Communicating financial information concisely and in stakeholder friendly language for both Bloc Ventures and their portfolio companies forms a big part of Andrew’s role. Bloc Ventures specialises in the deep tech space, the technology behind digital economy companies, such as foundation software, hardware, semiconductors, etcetera.

Andrew’s primary focus is what he calls ‘readiness to raise’: building the financial base to show next round investors the basis for company forecasts: don’t just provide a revenue forecast, break it down into price and volume. This can cover everything from supporting companies in tracking pipeline metrics, recurring revenue and all its associated SaaS metrics, cash flow and even the format of profit and loss statements (P&L) which many UK tech companies get wrong.
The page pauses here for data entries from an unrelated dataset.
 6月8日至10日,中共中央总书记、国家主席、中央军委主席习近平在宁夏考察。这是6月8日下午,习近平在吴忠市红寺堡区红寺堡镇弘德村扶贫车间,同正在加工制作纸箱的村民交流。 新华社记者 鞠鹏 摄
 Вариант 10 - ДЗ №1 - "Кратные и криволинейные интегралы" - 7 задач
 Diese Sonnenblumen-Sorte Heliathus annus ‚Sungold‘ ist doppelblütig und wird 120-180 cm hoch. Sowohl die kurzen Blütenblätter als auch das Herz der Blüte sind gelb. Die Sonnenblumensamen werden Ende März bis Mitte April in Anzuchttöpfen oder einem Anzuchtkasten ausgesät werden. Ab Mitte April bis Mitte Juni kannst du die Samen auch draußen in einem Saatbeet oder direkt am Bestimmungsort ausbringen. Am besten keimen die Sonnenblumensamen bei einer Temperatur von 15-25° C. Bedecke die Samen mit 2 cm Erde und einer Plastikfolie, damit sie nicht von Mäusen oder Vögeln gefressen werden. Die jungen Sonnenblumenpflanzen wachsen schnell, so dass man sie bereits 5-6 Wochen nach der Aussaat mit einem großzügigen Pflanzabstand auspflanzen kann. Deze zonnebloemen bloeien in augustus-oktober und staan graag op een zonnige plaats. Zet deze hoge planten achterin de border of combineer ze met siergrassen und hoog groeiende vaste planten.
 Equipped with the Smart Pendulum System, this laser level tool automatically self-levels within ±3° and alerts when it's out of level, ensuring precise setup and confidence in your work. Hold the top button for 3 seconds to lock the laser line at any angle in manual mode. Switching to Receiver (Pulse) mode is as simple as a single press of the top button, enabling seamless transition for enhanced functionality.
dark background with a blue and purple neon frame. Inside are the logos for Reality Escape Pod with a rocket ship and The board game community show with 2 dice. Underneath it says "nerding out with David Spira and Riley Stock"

Financial reports and KPIs

For the eleven companies Bloc Ventures have invested in thus far, there is often a need to restructure financial reports and establish proper KPIs. This is where Andrew comes in. “As a user of accounts, I need reports to be extremely concise, to start with the conclusion and work back from there. That’s part of what we offer for our portfolio companies. We help them bring management accounts and forecasts to life, but concisely, to help companies explain to generalist investors what they’re actually delivering.” This involves pouring over financial reports, identifying trends and looking at any changes and anomalies while benchmarking performance data to potential competitors.

“I’m not interested that your revenue was £100m this year. What I’m interested in is that it grew from £50m to £100m. It’s that change that’s important and what drove that change.”

For companies seeking funding, this additional insight and methodology are crucial. Andrew uses the example of a public company that claimed to investors that it doubled its revenue over the past 12 months. “But it then turns out that the company actually made an acquisition during the previous year, so their organic growth is actually only 10%,” Andrew explains. “A bad company will only report their doubled revenue, but a good company will identify the true nature of their underlying revenue growth, avoiding awkward questions on their analyst call.”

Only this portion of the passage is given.